Absolute Contraindications

• Concurrent anticoagulant/antiplatelet therapy without clinician approval.
• Known allergy to Apiaceae family plants.
• Active clinically significant bleeding disorders.

Relative Contraindications

• Estrogen-sensitive cancers or history thereof — consult oncology.
• Pregnancy — generally avoid unless supervised by experienced TCM/obstetric practitioner.
• Breastfeeding — insufficient data; use caution.

Special Populations

• Pregnancy: Avoid — possible uterine-stimulating/blood-moving properties.
• Breastfeeding: Use with caution; data lacking.
• Children: Not routinely recommended without specialist guidance.
• Elderly: Start low, monitor bleeding and polypharmacy.

🔄 Comparison with Alternatives

Dang Gui offers a distinctive hydrophilic + lipophilic constituent profile useful for gynecologic and circulatory indications — not directly interchangeable with Panax ginseng or black cohosh.

• Vs Panax ginseng: Dang Gui targets menstrual/hematopoietic and circulatory indications vs ginseng’s adaptogenic/energy use.
• Vs Black cohosh: Both used for menopausal symptoms; black cohosh has more RCT data for hot flashes, while Dang Gui is often used in formulas addressing blood/circulation.

✅ Quality Criteria and Product Selection (US Market)

Buyers should prioritize third-party tested products with batch Certificates of Analysis showing ferulic acid and/or ligustilide content, heavy metals, microbial limits and pesticide screening.

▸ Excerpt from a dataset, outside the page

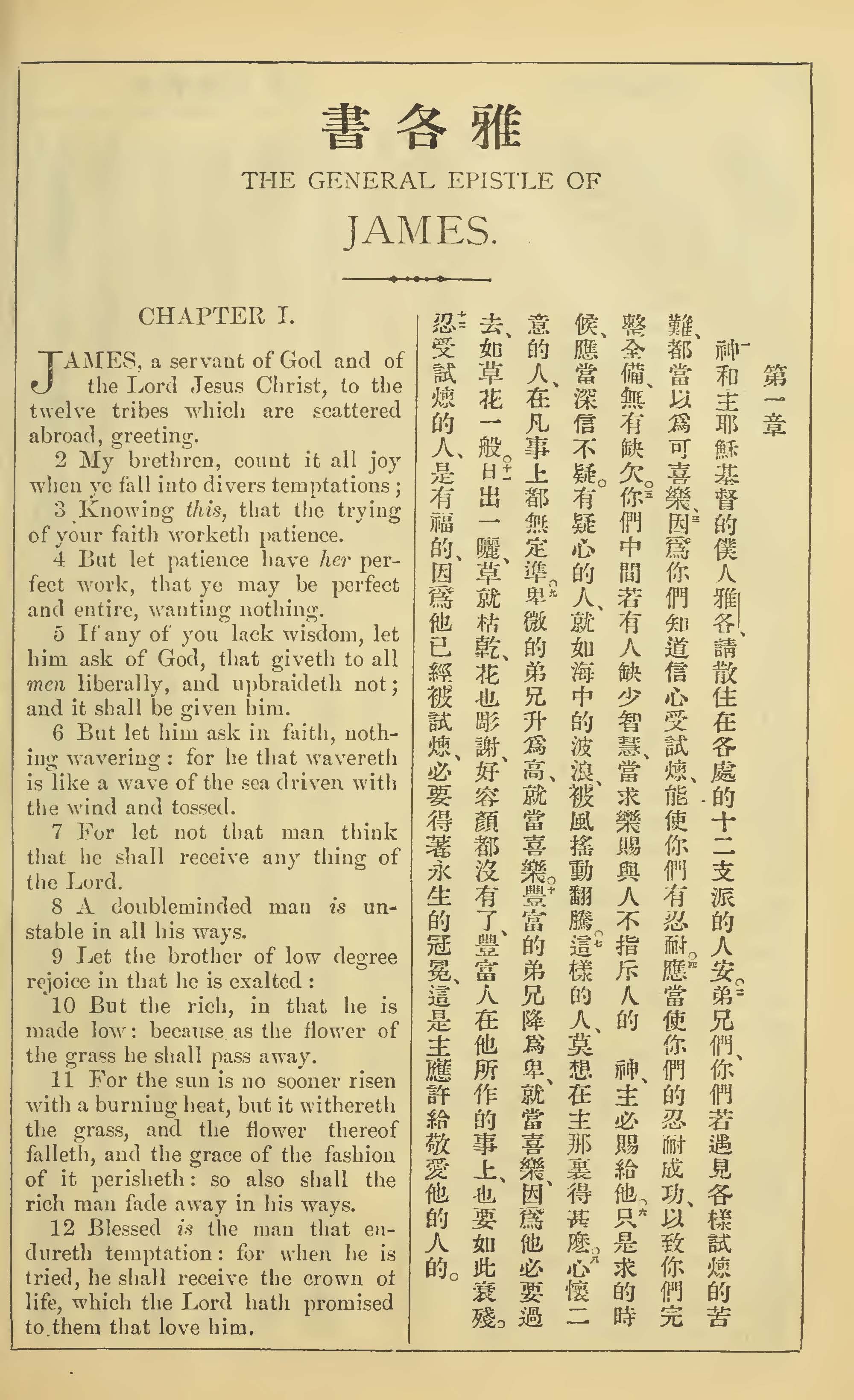 1902年新約全書(中英對照) 雅各書 1 章 1 節到 1 章 12 節
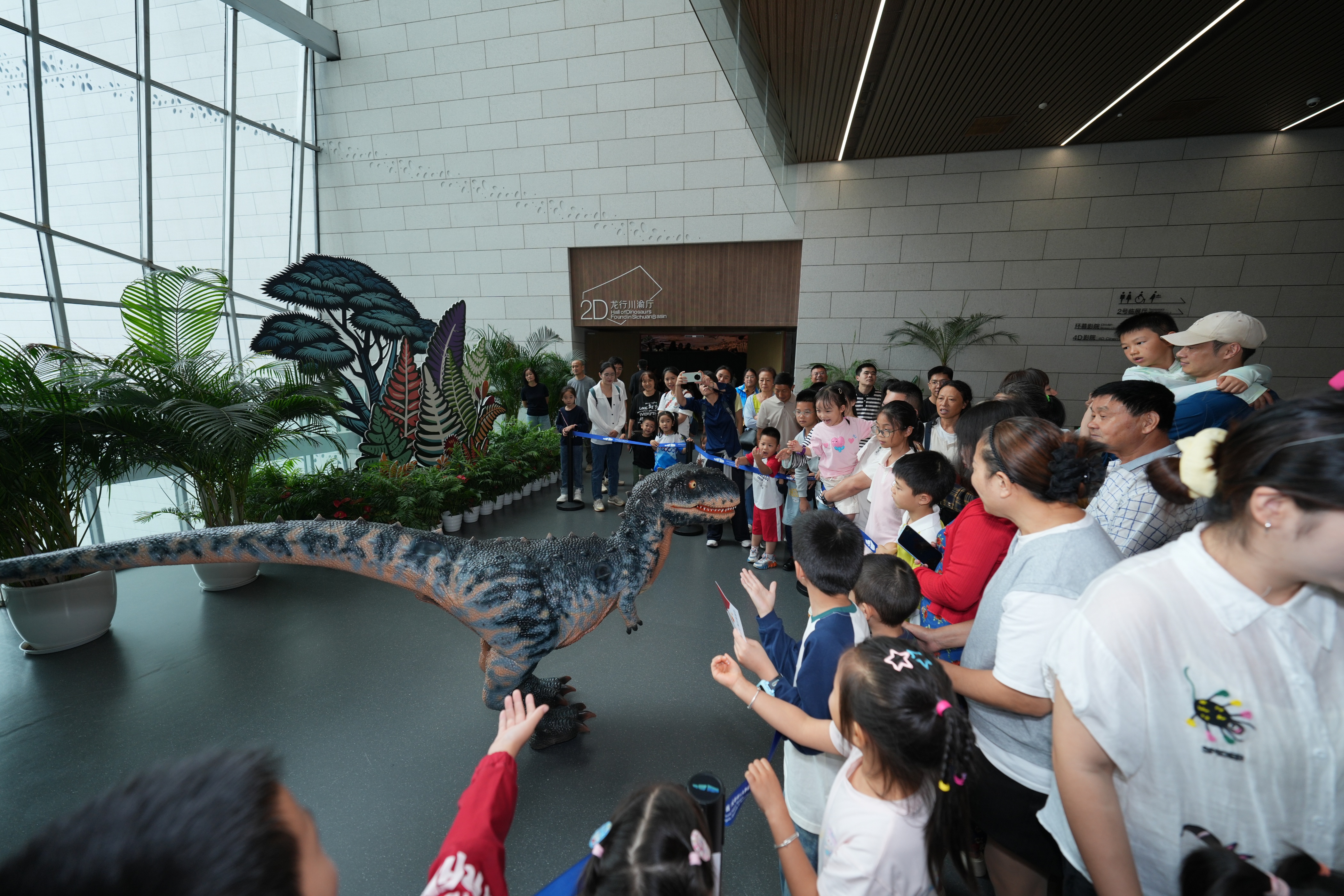 再将视线一转,循着孩子们惊喜的欢呼声望去,一只智能仿生恐龙正上下摇摆着长长的尾巴。原来,这只高1.4米的“史前巨兽”不仅能够自如转动头部、摆动尾巴,还会眨动眼睛发出低沉的吼叫声。逼真的动作让在场观众啧啧称奇,与展厅内的恐龙化石相映成趣,构成一幅跨越亿万年时空的生动画面。

• GMP manufacturing and CoA availability.
• Analytical testing: HPLC/LC-MS for ferulic acid and ligustilide, polysaccharide profiling, heavy metals (Pb/As/Cd/Hg), microbial testing and solvent residues.
• Certifications: USP/NSF/ConsumerLab where available.

📝 Practical Tips

• Prefer hydroalcoholic standardized extracts if you want both phthalides and phenolics.
• Take with food (especially fats) to improve absorption of lipophilic constituents.
• Stop 7–14 days before elective surgery; consult clinician if on anticoagulants.
• Separate Dang Gui and oral iron by 1–2 hours.
• Store products sealed and protected from light/oxygen.

🎯 Conclusion: Who Should Take Dang Gui Extract?

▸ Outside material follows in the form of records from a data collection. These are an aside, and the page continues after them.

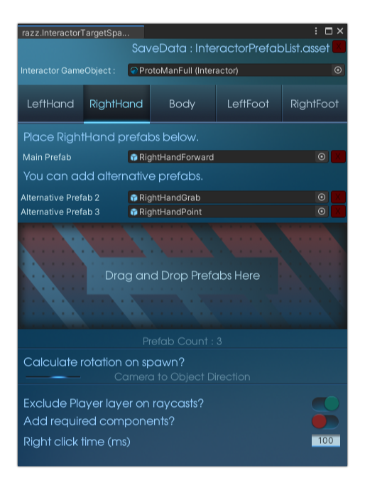When you right click in the SceneView, you'll see the targets you added on InteractorTargetSpawner. If you select any of them, it will be spawned on the clicked gameobject with the rotations & position offset you adjusted before. But this gameobject also needs InteractorObject component so add it and adjust all the settings as you desire. Now you should be able to interact with it in Play Mode. Now you can delete its child objects including targets you spawned, drag it into project window to create another prefab. Assign it into Spawn Presets section of the InteractorTargetSpawner. From now on, you can spawn your targets with Add Components option selected. It's name will show up as preset and same settings will be copied to clicked object.
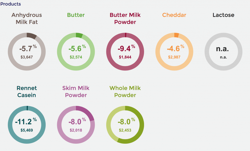 Prices at the latest Global Dairy Trade auction have fallen on the last event.
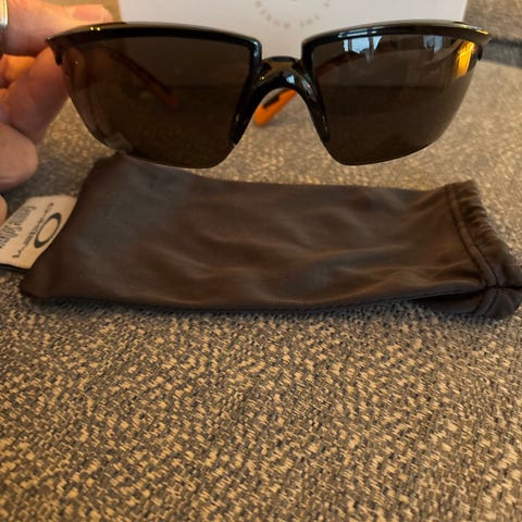 Oakley solbriller til unisex i blå ramme med mørke glas. Brillen leveres med en sort opbevaringspose med Oakley-logo. Velegnet som sports- eller hverdagssolbrille til både mænd og kvinder.
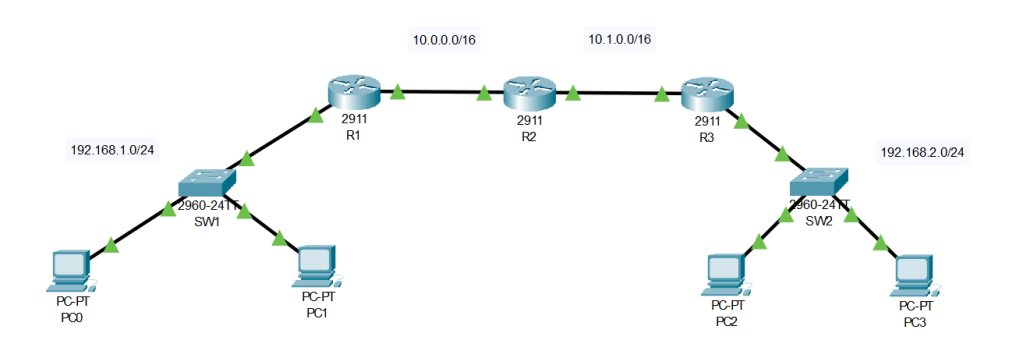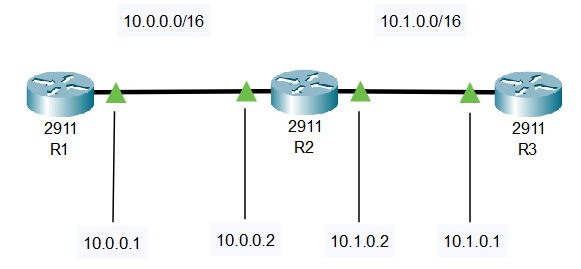You may be asking yourself… cant we connect both networks with just 1 router!? Sure! But that wouldn’t make this lab very fun (we wouldn’t have to configure any static routes; more on that later)? Our first step should be narrowing our focus, we can start by isolating the diagram to just 3 routers.
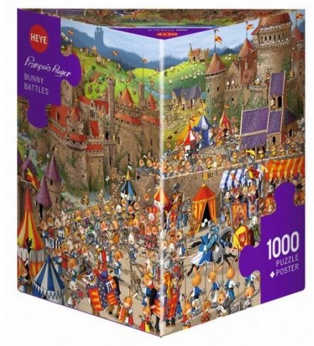 - Puzzle HEYE przedstawiające grafikę "Bitwa królików, Ruyer (1000el.)" składają się z 1000 elementów.
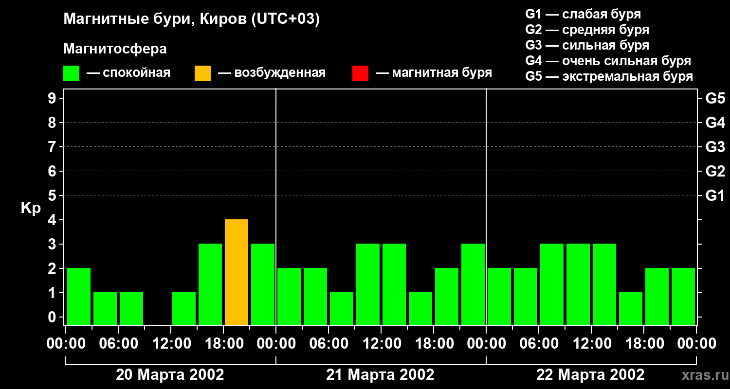 Изменения геомагнитного индекса Kp с 20 по 22 марта 2002 года для средних широт
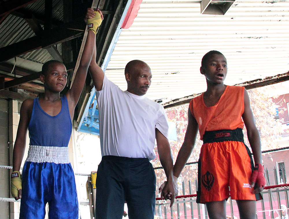Pep talk. This boy, whose name is Thabang, ultimately won his fight.
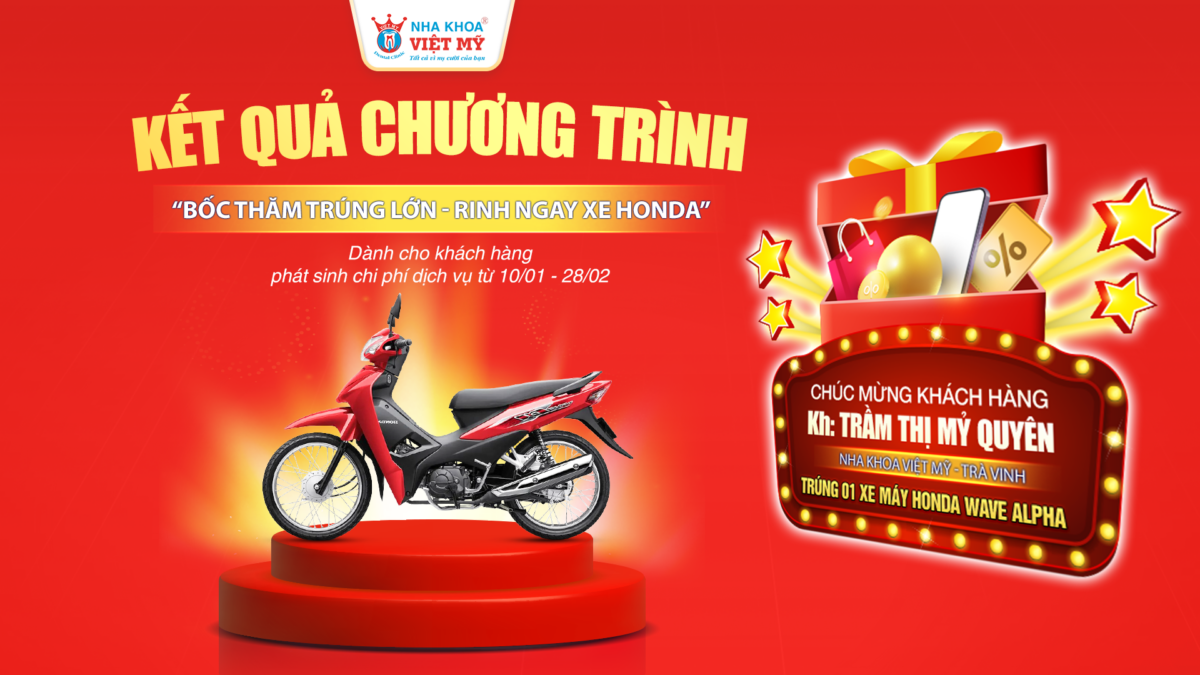 Chương trình “Bốc thăm trúng lớn – Rinh xe máy Honda” do hệ thống Nha khoa Việt Mỹ tổ chức đã tìm được chủ nhân may mắn của giải thưởng đặc biệt: 01 chiếc xe Honda Wave Alpha trị giá đến 20 triệu đồng.
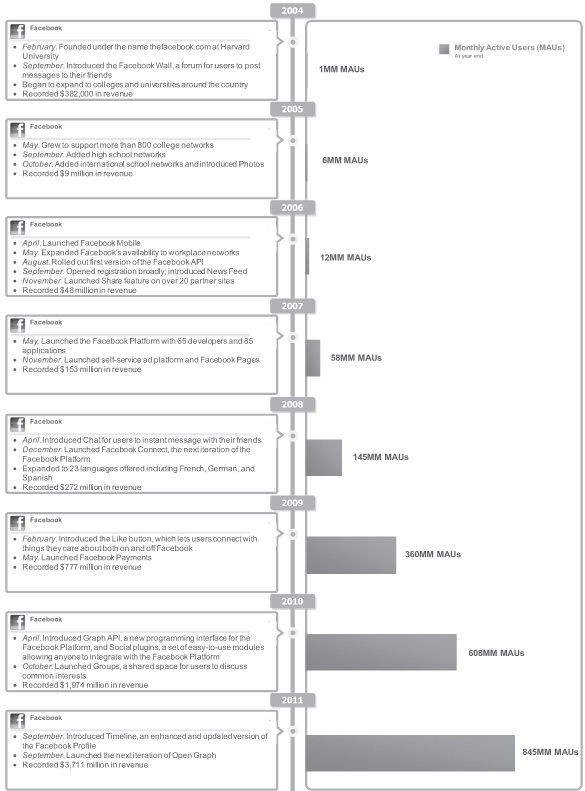 广告依然是 Facebook 最主要的收入来源,占 85%。得益于连年用户量迅猛的增长,来自广告服务的收入增加了 42%。由于广告精准投放能力的增强,公司平均广告费增加了 18%。其中《华尔街日报》2011 年花了 420 万美元,Netflix 花了 380 万美元用于在 Facebook 上刊登广告。

Dang Gui extract is most appropriate for adults seeking adjunctive support for menstrual discomfort, mild circulation issues, or as part of traditional TCM formula regimens — but it should be avoided or used cautiously in pregnancy, breastfeeding, and anyone on anticoagulant or narrow-therapeutic-index medications.

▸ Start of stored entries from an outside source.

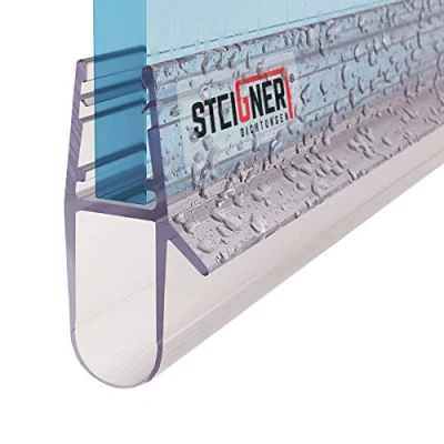 Calidad especializada: fabricada en la UE – sello de ducha de reemplazo 100% impermeable – recto para cabinas de ducha rectangulares y cuadradas - extremadamente duradero, irrompible, resistente al moho y a la cal – para espesores de vidrio de 5 mm a 8 mm – Utilización versátil para cualquier tipo de ducha – protección fiable contra las fugas de agua. ¡STEIGNER fabrica más de 60 modelos diferentes! Nuestra gama también incluye juntas de ducha para vidrios de 3,5 mm, 4 mm, 5 mm, 6 mm, 7 mm y 8 mm de espesor. Sistema innovador: diseño bien pensado con una aleta extendida para obtener aún mejores propiedades de sellado – muy duradero y estable, no se endurece – la junta está compuesta por PVC de diferente dureza. Una excelente combinación de plástico rígido con plástico flexible lo convierte en una junta tan resistente como funcional dando una gran eficacia: perfil de PVC rígido (80 Sh´a D de espesor), alas de PVC blando (70 Sh´a A de espesor) – esto evita que la junta se deslice del vidrio Fácil instalación: la instalación de la junta lleva unos minutos. Simplemente inserte el perfil PVC en el vidrio de la puerta o cabina de la ducha. Consejo: dado que el PVC pierde su flexibilidad bajo la influencia del frío, recomendamos instalarlo a temperatura ambiente o calentarlo suavemente con un secador de pelo antes de la instalación. Ventajas a simple vista: un suelo seco que no necesita ser limpiado después de cada ducha - 100% de seguridad, ya que protege contra el deslizamiento sobre suelo mojado - reduce el crecimiento de moho – cada perfil de sellado se puede cortar individualmente a cualquier longitud – montaje sin adhesivo – apariencia discreta gracias a su color transparente., Fabricante: STEIGNER
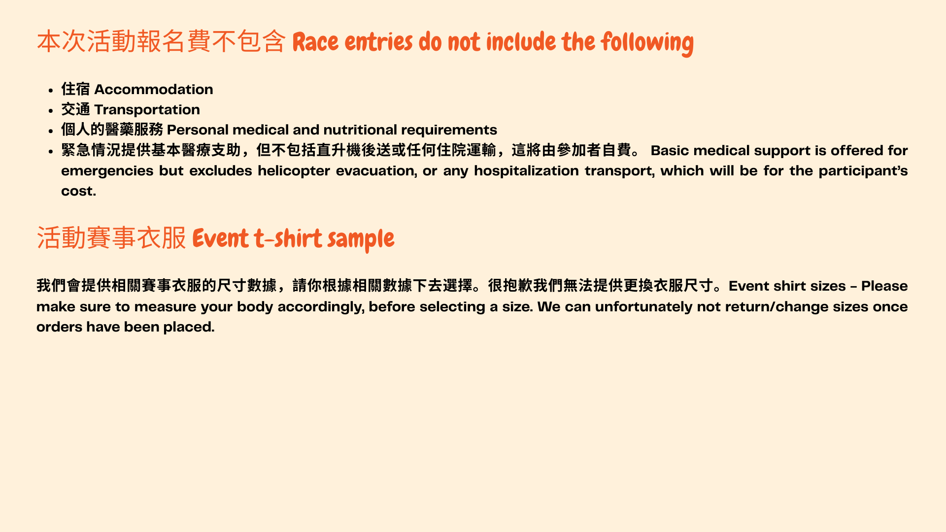 我們建議您在參加此活動/賽事之前自行購買個人意外保險、救護保險和收入保護保險,以應對因參加活動/賽事而可能產生的意外個人費用,包括救護費、醫療費用或因受傷而需要請假的情況。
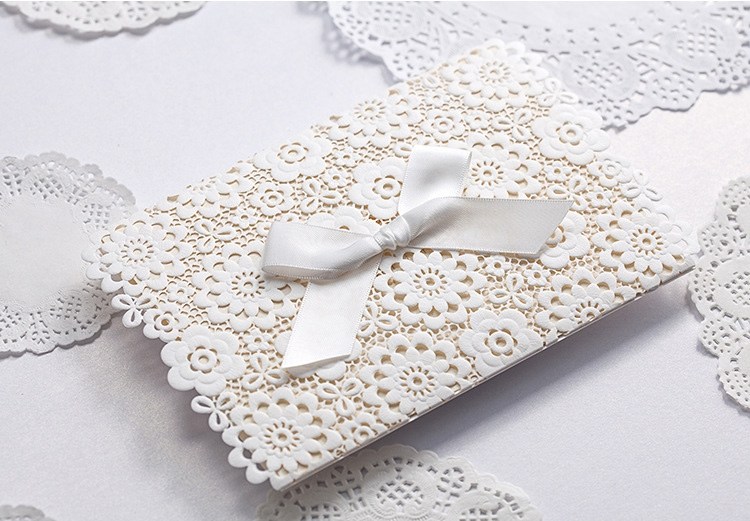 Лазерная вырезка – тоже интересный вариант создания свадебного приглашения. Они получаются нежными и романтичными.

If you want a validated list of randomized controlled trials, PMIDs and DOIs (2000–2026) and structured study summaries with quantitative outcomes, reply: "Please provide PubMed search and RCT list for Dang Gui 2000–2026" and I will fetch verifiable citations and add them into this article.

Source basis for this article: Primary composite dataset supplied with detailed phytochemical, pharmacokinetic and clinical-use information. For peer-reviewed primary studies and PMIDs, request an evidence pull as noted above.